First of all, Merry Christmas everyone. It's nearly 10 to 5 on Christmas morning here in shitty Scotland an' I'm suffering from a slight bout of red eye which is nice. Not an infection or anything but from rubbing me left eye a lot. I think I got summat in there it's all bloodshot an' ew. O_o
So anyway, now it's Christmas that means it's near the end of the year. Which to be honest was good an' bad for me. Highs an' lows an' all that shite. I think me New Year's Resolution for 2012 is to be a bit more pro-active with meself an' set meself some goals or summat like that. For example...
1: Look in to going to college. Studying? I don't care what. I need to get out the house an' do summat. I may even go do acting again.
2: Find meself a NICE boyfriend. (Preferably a rugby player duh.) I'm not having any more subtly chauvinistic men. Y'know what I mean, the ones that just seem to talk over you when whatever you may be talking about to someone who's interested, isn't interesting to them an' they'd rather be the centre of attention an' hear their own voice. The last one was like that. An' I can't stand it. Yes I know God made women with smaller feet so they could get closer to the sink, but the upside of having said small womanish feet is the fact that they seem to be perfectly shaped an' sized to be thrust in, an' get right in to the groins of UTTER DICKS.
3: Start looking after meself a bit better. I really need to stop eating so much shite at stupid times. I also may start *gasp!* doing a bit of excersize. Oh don't get me wrong I'm against all kinds of excersize an' the only variety I get is getting up from the settee to go make a brew or go for a fag. Speaking of fags I've actually cut down a lot since we started smoking outside again. Went from about a pack a day to having a pack last at least 3 days now. I doubt I'll ever quit outright 'cause to be honest I like smoking, plus it keeps me from loosing whatever sanity I have left which ain't much.
4: Stop letting arseholes in to me life.
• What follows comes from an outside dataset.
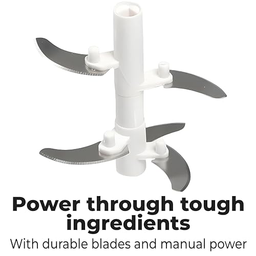 - Why does our manual chopper cut so fast All thanks to the three sharp blades. The three blades are arranged in different directions and heights to ensure that all ingredients are evenly chopped. The curved blade increases the contact area between the blade and the components, pull the cord once equal to at least 20 pieces with a conventional knife.
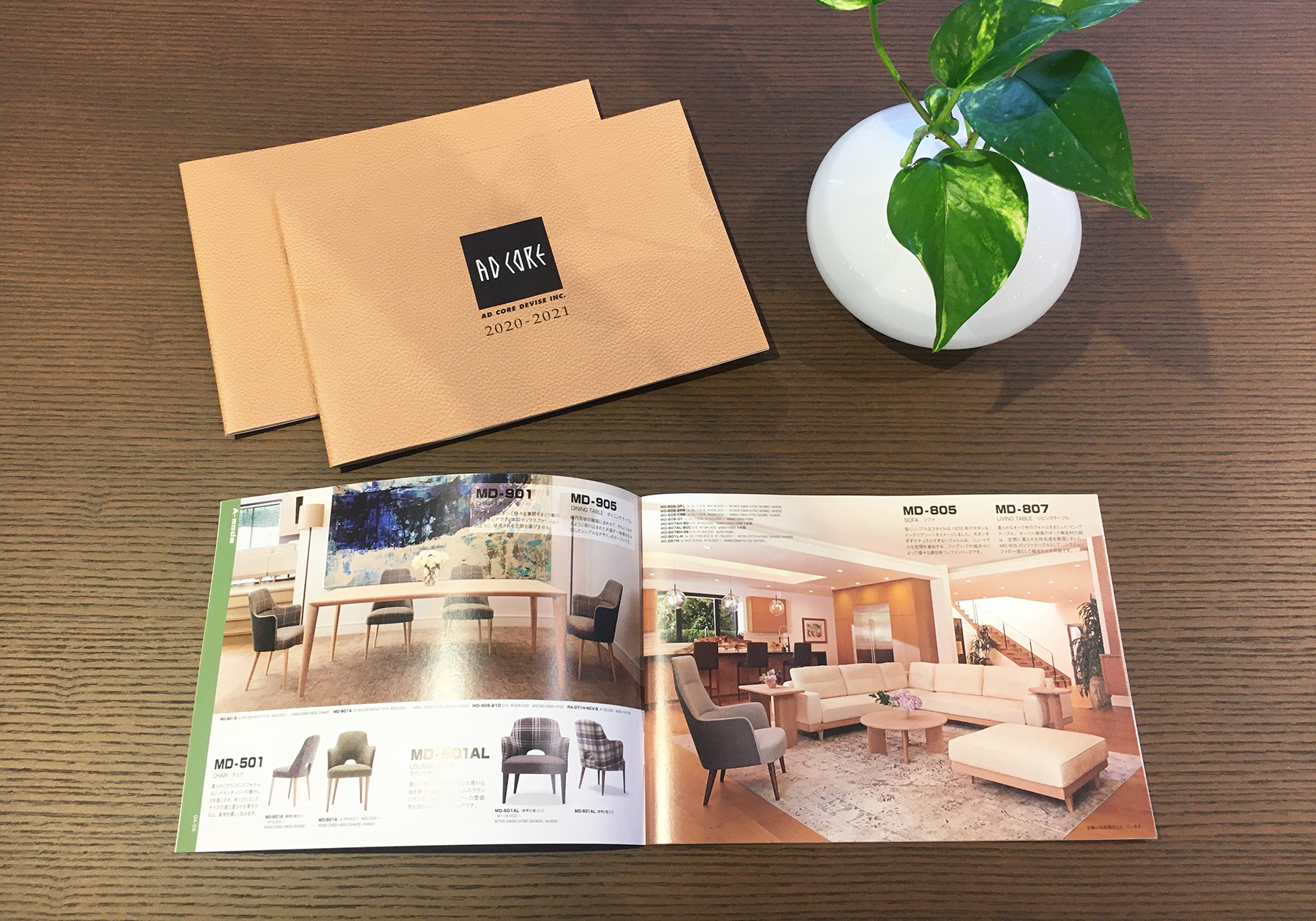 ミニカタログは、A-mode、AD CORE、NEO CLASSICO、PMMA+Woodの4つのブランドの代表的な製品を掲載した、コンパクトサイズのカタログです。各製品の単品写真やイメージ写真、ファブリックやマテリアルなど豊富な内容を分かりやすくまとめています。昨年、アメリカ西海岸の邸宅で撮影した新作と、新たなコーディネートで撮影した既存の製品を中心に掲載しています。最後のページにはモデルルームやレストラン、ホテルなどの納入事例も掲載しました。お客様には「コーディネートの参考にもなり、イメージしやすくなった」「新作と人気製品がコンパクトにまとまっているので家具選びの参考になる」と嬉しいお声をいただいています。このミニカタログは、エーディコア・ディバイズのホームページよりご請求いただけます。無料でお送りしておりますので、お気軽にご依頼ください。

I don't need 'em. I don't want the grief an' I don't want anyone trying to mess up me plans no matter how grand, mediocre or stupid they are. I got me balls back again, an' by Christ anyone who gets in me way an' stops me from doing what I want won't even want to be within a 10 mile radius of me when I'm done wi' 'em. They will be demanding restraining orders.
So that's it really I guess. I think the main thing is that I need to get out more. College an' stuff would help that immensely. It'd also be nice to actually go to a proper rugby match with some people who enjoy it too instead of just watching it on tv.
Anyway me eye's not throbbing as much now. Think I might try sleeping again. ¬_¬
Either way, Merry Christmas again folks an' God Bless. Have a good 'un!!